Print, exactly as they appear in the listing below, the lines from the line with "47 квадратних метрів, трикімнатна." to the line with "Number: 03**** |", with both end lines kept.

• [DATA]:
■ ■ ■ ■

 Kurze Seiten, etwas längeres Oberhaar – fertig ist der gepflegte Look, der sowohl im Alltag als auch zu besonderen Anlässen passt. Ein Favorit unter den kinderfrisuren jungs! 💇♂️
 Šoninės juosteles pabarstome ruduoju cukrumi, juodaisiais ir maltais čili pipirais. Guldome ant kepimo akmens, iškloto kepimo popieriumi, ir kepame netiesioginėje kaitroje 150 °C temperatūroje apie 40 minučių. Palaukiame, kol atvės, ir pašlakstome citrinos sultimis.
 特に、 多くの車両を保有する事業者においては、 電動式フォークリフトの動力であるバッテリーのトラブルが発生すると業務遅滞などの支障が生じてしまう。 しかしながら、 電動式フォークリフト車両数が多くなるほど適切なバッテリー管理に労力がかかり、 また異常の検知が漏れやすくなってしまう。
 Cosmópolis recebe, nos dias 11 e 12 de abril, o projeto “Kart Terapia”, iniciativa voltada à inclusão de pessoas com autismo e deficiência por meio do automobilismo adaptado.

■ ■ ■ ■

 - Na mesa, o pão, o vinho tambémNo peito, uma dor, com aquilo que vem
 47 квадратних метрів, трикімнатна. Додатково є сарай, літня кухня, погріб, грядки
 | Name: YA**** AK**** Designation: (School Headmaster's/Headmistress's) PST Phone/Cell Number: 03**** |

■ ■ ■ ■

• [OUTPUT FOR THIS EXERCISE]:
 47 квадратних метрів, трикімнатна. Додатково є сарай, літня кухня, погріб, грядки
 | Name: YA**** AK**** Designation: (School Headmaster's/Headmistress's) PST Phone/Cell Number: 03**** |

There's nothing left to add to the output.